Но недолго. Все потеряли терпение от страха и торопили их. Я тоже это чувствовала: старик, перебирая неверными ногами, брел слишком медленно, хотя теперь его с другой стороны поддерживал Ибрагим, а подо мной зияла гнилая дыра, и на плечах лежало бремя тысячи невинных жизней – жизней людей, которые пришли сюда, потому что я велела членам анклава их впустить. Я видела, как дедушка Джамала смотрит на меня, желая, чтобы я поскорей взялась за дело, и гадая, справлюсь ли я; прежде чем он успел что-либо сказать, я подошла к почти исчезнувшей куче камней, схватила обломок и проволокла его по земле вокруг железного диска, отмечая, куда класть кирпичи, пусть это и было излишне. Тем временем Якуб и его родные получили свои камешки.
Лизель то ли поняла, что я делаю, то ли не устояла перед возможностью навести порядок; она принялась разводить членов анклава в стороны и объяснять им, кто где должен стоять. Она установила аккуратную очередность, чтобы каждый выходил из одной аллеи, делал круг и уходил в соседнюю.
– В Пекине ты сказала, что последние кирпичи клали все вместе, – сказала мне Лизель после того, как все ее поняли и стали выстраиваться.
Я кивнула:
– Я бы их уже не подняла.
– А почему бы с самого начала так не сделать? – спросила она.
В результате я сама не прикоснулась ни к одному кирпичу: Лизель и ее помощники отсчитывали нужное количество людей из очереди и велели им встать вокруг железного диска со своими камнями. Каждый накладывал на камень простенькое заклинание типа «повисни в воздухе» (родители колдовали вместо детей, которые были еще слишком малы). Потом все отправлялись в другую аллею, освобождая место для следующей группы.
Это был прекрасный способ сделать так, чтобы в процессе камни не потяжелели. Пятеро самых громкоголосых мужчин выкрикивали счет, все одновременно завершали заклинание, и камни обрушивались вниз, как при взрыве наоборот; сначала было создано внешнее кольцо, и внутренние укладывались все энергичнее и энергичнее, пока центральные камни не посыпались на железный диск, погребая его глубоко под собой. Мы вместе произнесли финальное заклинание. На сей раз оно было неплохо переведено, поскольку я поручила это профессионалам, снабдив некоторыми комментариями, – и ослепительно-яркий свет пробился снизу, под общий хор голосов, дружно взывающих: «Останься, будь укрытием, будь домом для нас».

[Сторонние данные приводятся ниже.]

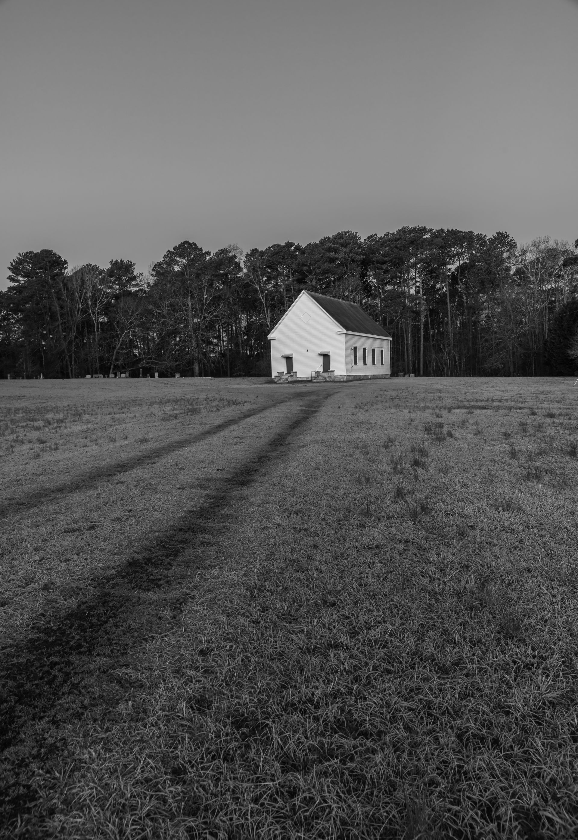 ButtonSalem Metodist Church, Oconee County, Georgia, glows in predawn, monochromatic winter scape.
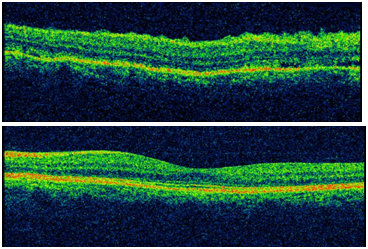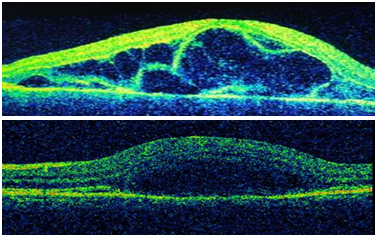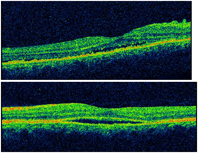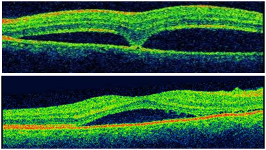 Figure 2E & 2F, OCTs showing macular detachment in both eyes. Notice that in the right eye the detachment is severely tabicated.
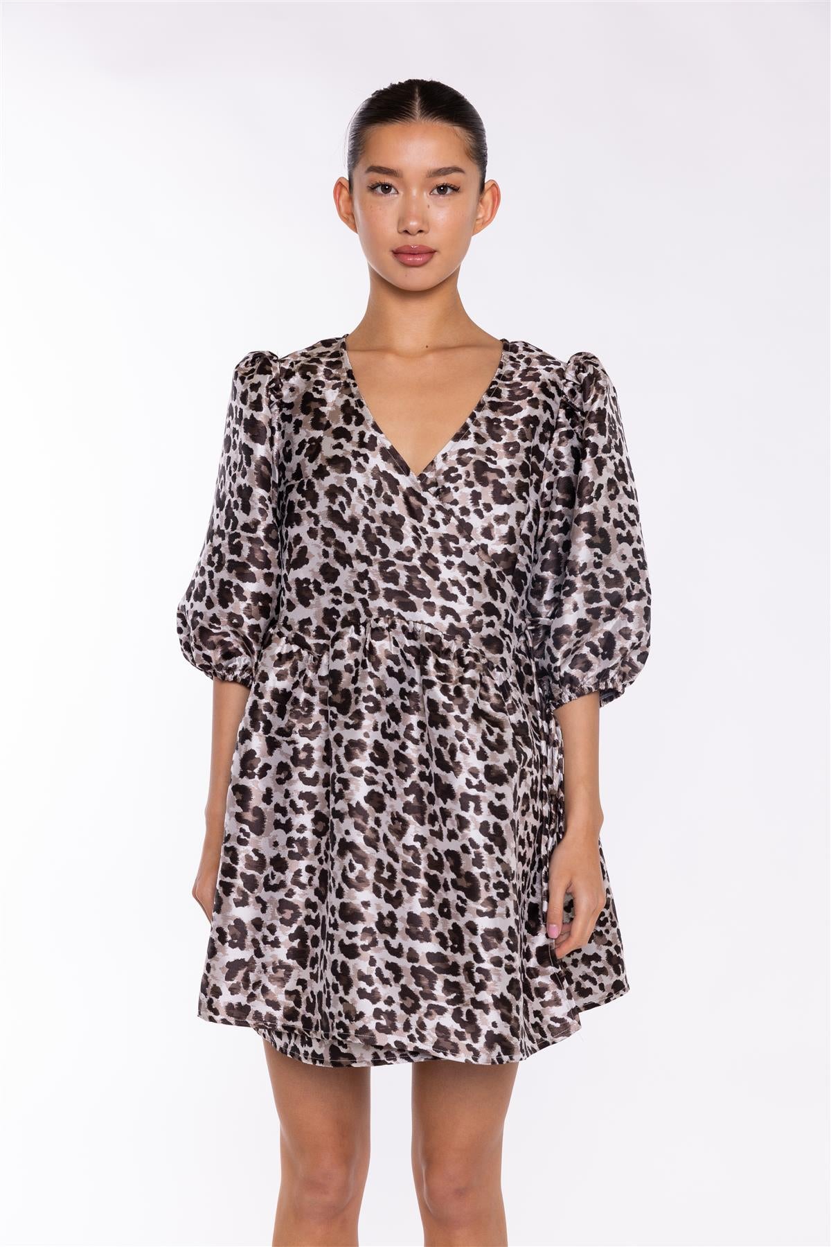 Glamorous Women's Mocha-Leopard Wrap Babydoll Mini-Dress. Step out in style with this mocha leopard wrap babydoll mini dress. The wrap design creates a flattering, figure-hugging silhouette that cinches at the waist and flows out into a flirty mini skirt. The babydoll silhouette and curved waistline add a playful touch, while the oversized fit keeps you comfortable all day long. The puff sleeves add a touch of drama, while the mini length is perfect for showing off your legs. This dress is ideal for a casual day out with friends or a night out on the town. Add a touch of winter wonder to your look by pairing the dress with a pair of tights and knee-high boots. Top it off with a faux fur coat for a cozy, winter-inspired look.
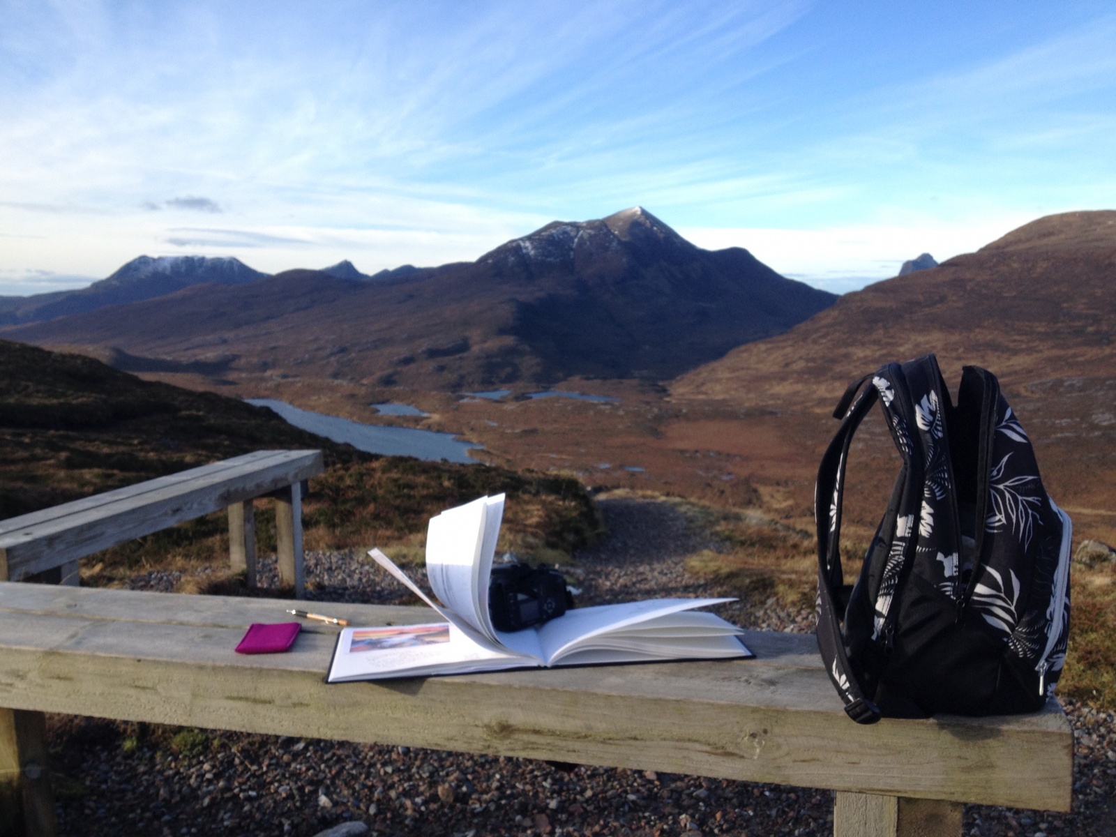 I remember the day when I encountered this deer by the side of the road. I’d got up early to make the most of the dry and sunny weather that morning and hiked up Knockan Crag, which had stunning views across the Highlands and the coast. I sketched the mountains and took lots of photos for my research and drawings later.
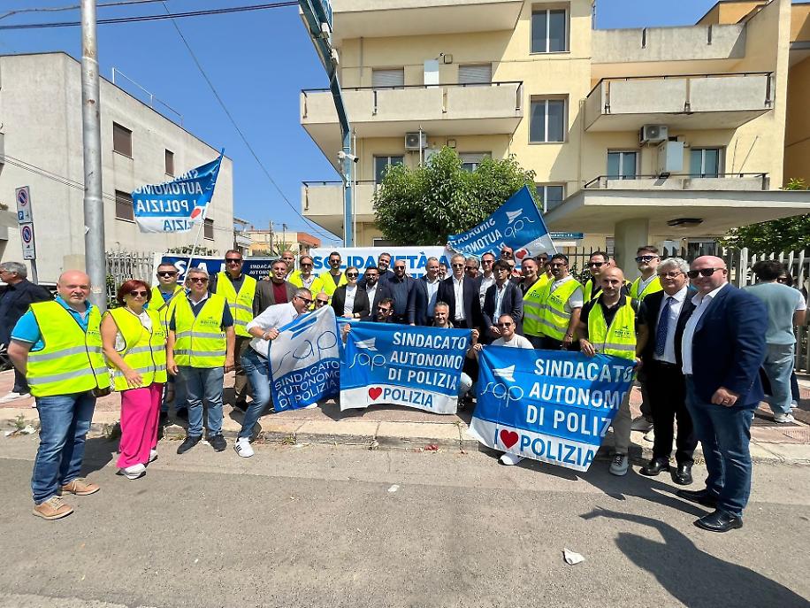 Accanto agli agenti anche i segretari regionali del SAP per Puglia e Basilicata, Francesco Pulli e Michele Gallucci, il Segretario Generale Stefano Paoloni, il Segretario Nazionale Vito Stasolla e le delegazioni delle Segreterie Provinciali del sindacato provenienti da tutta la Puglia.

После этого мы, конечно, попировали. Все дома и дворы были открыты настежь ради праздника, члены анклавов пригласили к себе новоприбывших. На улицах слышалась музыка – от народных песен до современной эстрады из семнадцати разных стран. Люди стремительно пьянели от крепких напитков, волшебных благовоний и радости.
И в кои-то веки я была желанной гостьей. Ибрагим и его союзники обнимали нас с Лизель и хотели отвести в семейный особняк Джамала, стоящий в дальнем конце правой аллеи. Я страстно желала присоединиться к общей светлой радости и почувствовать облегчение. Лизель взяла меня за руку и взглядом предложила пойти; мне страшно хотелось праздновать со всеми, но я не могла.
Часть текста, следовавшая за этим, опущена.